Analysis of the CUB influencing factors
The dominant factor influencing the CUB in the cp. genes was estimated through three graph analysis methods: the neutrality plot, Nc plot, and PR2 plot, on SPSS v26 and Adobe Illustrator CC 2018 (AI 2018). The neutrality plot is the one-variable linear regression of GC12 on GC3s. In contrast, the Nc plot is the comparative study of actual Nc values with the specification curve of expected Nc values. Moreover, the PR2 plot illuminates the imbalance of A/T and G/C base mutations at the 3rd position of codons.

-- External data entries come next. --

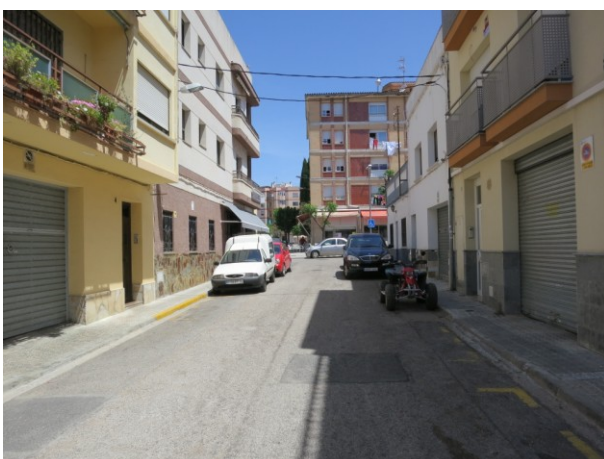
Vista general del carrer Joan XXIII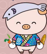
厚木市マスコットキャラクター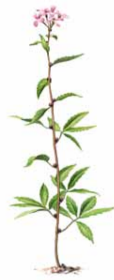
Tandrot ( Cardamine bulbifera )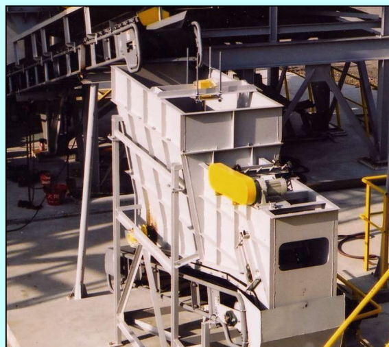
微量調整払出装置

Evolutionary relationship analysis
Clustering analysis of the nine Elaeagnus species was initially performed based on the RSCU values via the complete linkage method and Euclidean distance using Sangerbox 3.0. Furthermore, tSNE dimensionality reduction clustering analysis on the Sangerbox 3.0 platform was utilized for the nine Elaeagnus species sorted into Sect. Deciduae and Sect. Sempervirentes by the physiological and ecological characteristics of plant leaves adapting to the environment [first proposed by Servettaz (1909) and accepted by Chang (1983)]. In addition, the phylogenetic tree was constructed adopting the maximum likelihood estimation method (ML) via the FastTree v2.1.11 software (http://www.microbesonline.org/fasttree/), based on the filtered CDSs, in which sequence alignments were performed previously using the Multiple Alignment using Fast Fourier Transform (MAFFT) v7.480 procedure (https://mafft.cbrc.jp/alignment/software/windows.html).

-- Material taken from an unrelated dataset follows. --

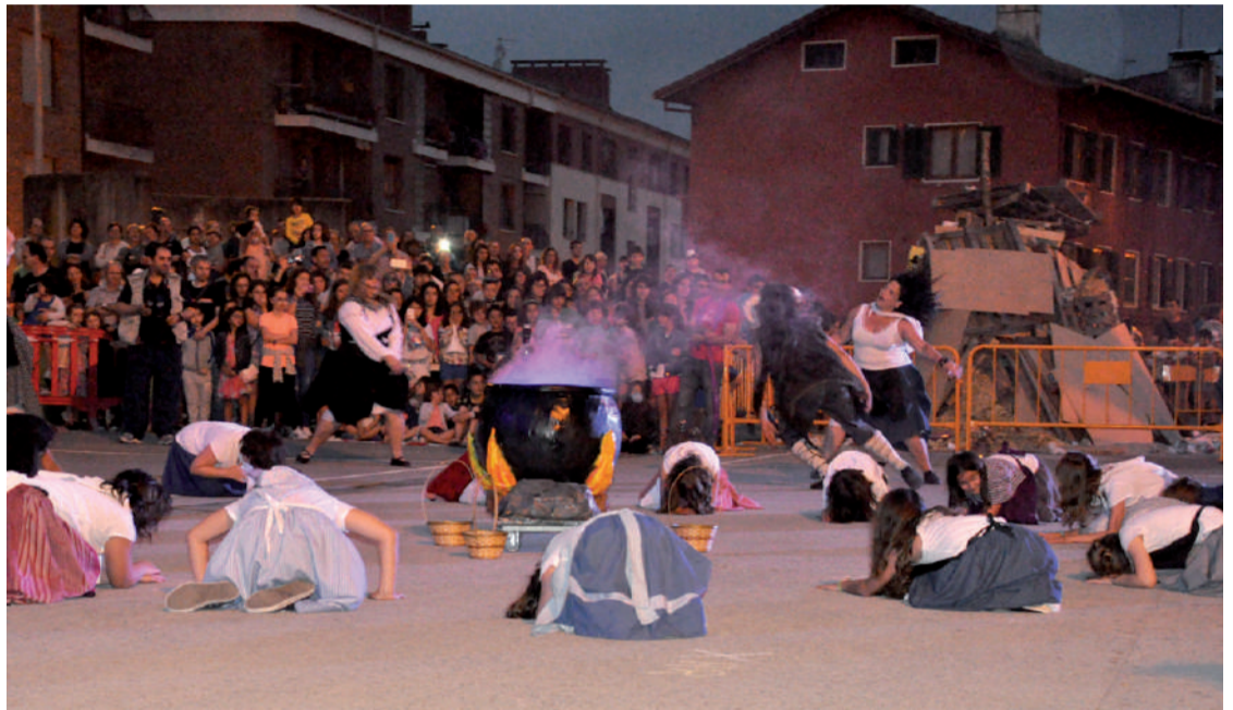
Akelarrea Plazido Muxikan, San Juan plazan abiatutako kalejirari jarraipena emanez. Gau ikusgarria izaten da Urnietakoa.

Azken urteetako tradizioari eutsi eta urnietarrek San Juan bezperako suarekin batera Akelarrea ospatuko dute Plazido Muxika plazan. Gaueko 21:00etan hasiko da ospakizu-

Prediction of optimal heterologous expression receptor plant
Clustering analysis oriented to the typical Elaeagnus species (E. mollis) and model organisms, such as the whole genomes of Bacillus subtilis, Escherichia coli, Microcystis aeruginosa, Saccharomyces cerevisiae, and Staphylococcus aureus, together with the cp. genomes of A. thaliana, Nicotiana sylvestris, T. aestivum, and O. sativa, was carried out based on RSCU values acquired from the codon usage database (http://www.kazusa.or.jp/codon/) or calculated as previously done on the Sangerbox 3.0 cloud platform (Table S2).
Results and discussion
Statistical analysis of parameters related to the CUB
According to the mean values and corresponding variation ranges of the parameters closely associated with CUB, the major cp. CDSs were prone to mutation in the Elaeagnus species. Meanwhile, all the rps7 genes of the nine cp. genomes were identical in sequence (Table S3). The cp. genomes of the nine Elaeagnus species possessed duplicated genes, such as ndhB, rpl2, rps7, ycf1, and ycf2, and specific genes not existing in all the nine sequence files or genes that were shorter than 300 bp, such as clpP, ndhD, ndhE, petB, rpl16, and rps12, which was parallel to that of former studies in the cp. genomes of the Panicum species (Li et al. 2021), C. alternifolius, T. dealbata, and C. indica (Deng et al. 2021a). It was also found that the longer the length of the single-copy gene, such as ndhF, rpoC1, rpoB, psaA, and psaB, the more stable the gene would be according to the variation ranges of Nc, which was also similar to previous research on the Panicum species (Table S3) (Li et al. 2021). It may indicate that the long single-copy genes played an important role in the plant cells and were stable in sequences.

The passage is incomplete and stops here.